The Mudcat Café TM
Thread #146905   Message #3516611
Posted By: Don Firth
18-May-13 - 10:33 PM
Thread Name: Opera
Subject: RE: Opera
There are some operas that wouldn't be damaged too much by update, but why bother?

La Traviata is set in nineteenth century Paris among the fairly well-to-do. There's a bit of "bed-hopping," in that some of the women—including Violetta, the protagonist—get by by being the mistresses of wealthy men. But at a party, she meets a young man new to Paris, just in from Provence in southern France. They hit it off and all goes well until Alfredo's (the young man's) father steps in and puts the kibosh on the affair. The two are really in love, and finally Alfredo convinces his father that he loves Violetta and she loves him.
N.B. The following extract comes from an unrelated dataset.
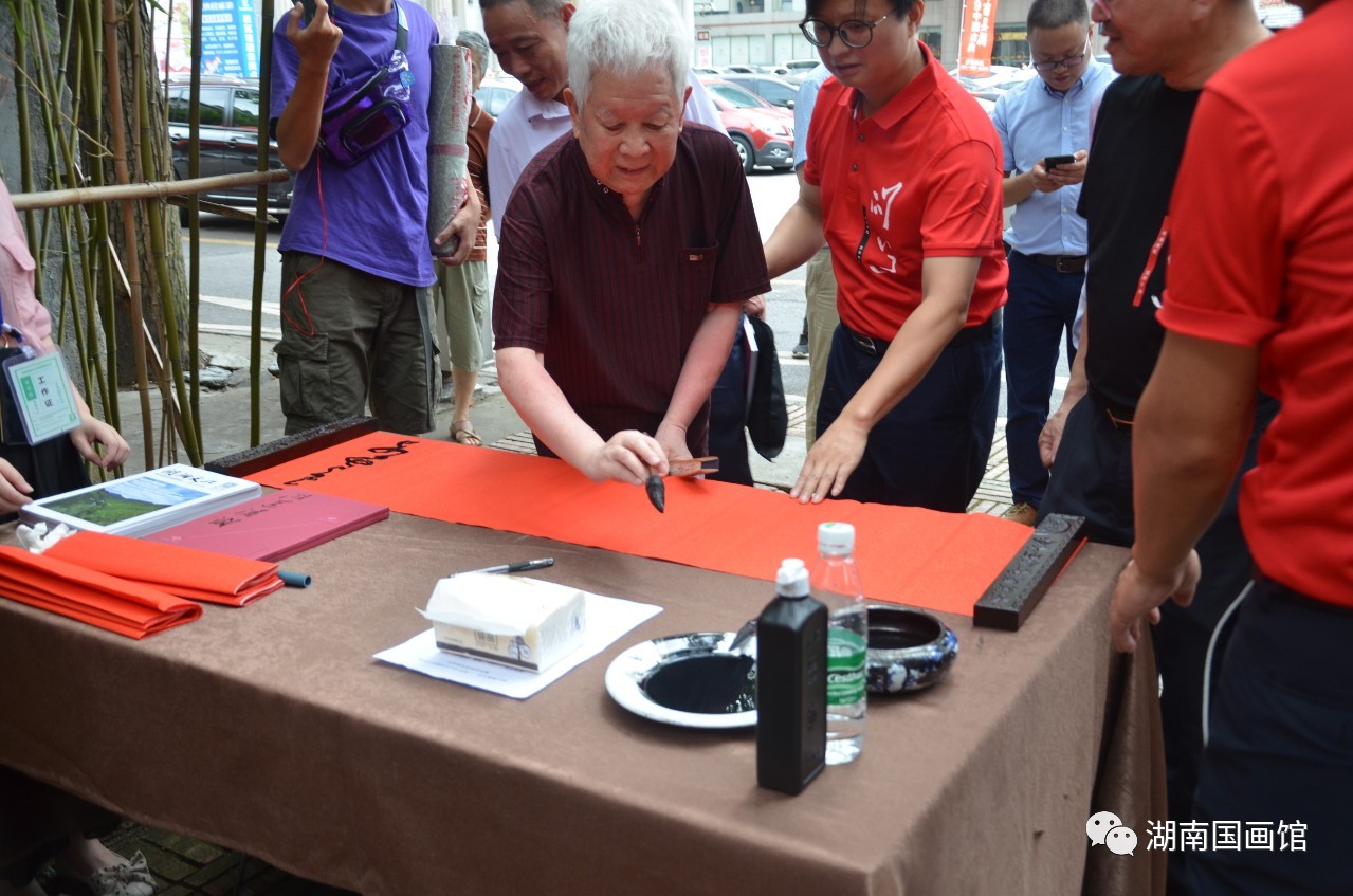 開幕式上,全體參展作者向湖南國畫館捐贈(zèng)了精心創(chuàng)作的書法長卷作品。

They return to Paris and find Violetta, attended only by her faithful maid, Annina, living in squalor and Violetta is dying of "consumption." In the final scene, the two are reconciled, Alfredo's father is duly sorry for what he's done, and Violetta dies in Alfredo's arms.

The main changes in staging would be in matters of dress, and there really isn't a heck of a lot of difference between the formal wear the men and women were wearing at the depicted parties and formal wear today.

So—why mess with it?

Another is La Boheme. A bunch of "Bohemians" (would-be artists, poets, playwrights, philosophers, and musicians living in garrets) and their various affairs, notably Rodolfo, the poet and Mimi, the girl who lives upstairs and makes artificial flowers, and Marcello, an artist, and the headstrong Musetta. Once again, Mimi dies of "consumption" in the final act.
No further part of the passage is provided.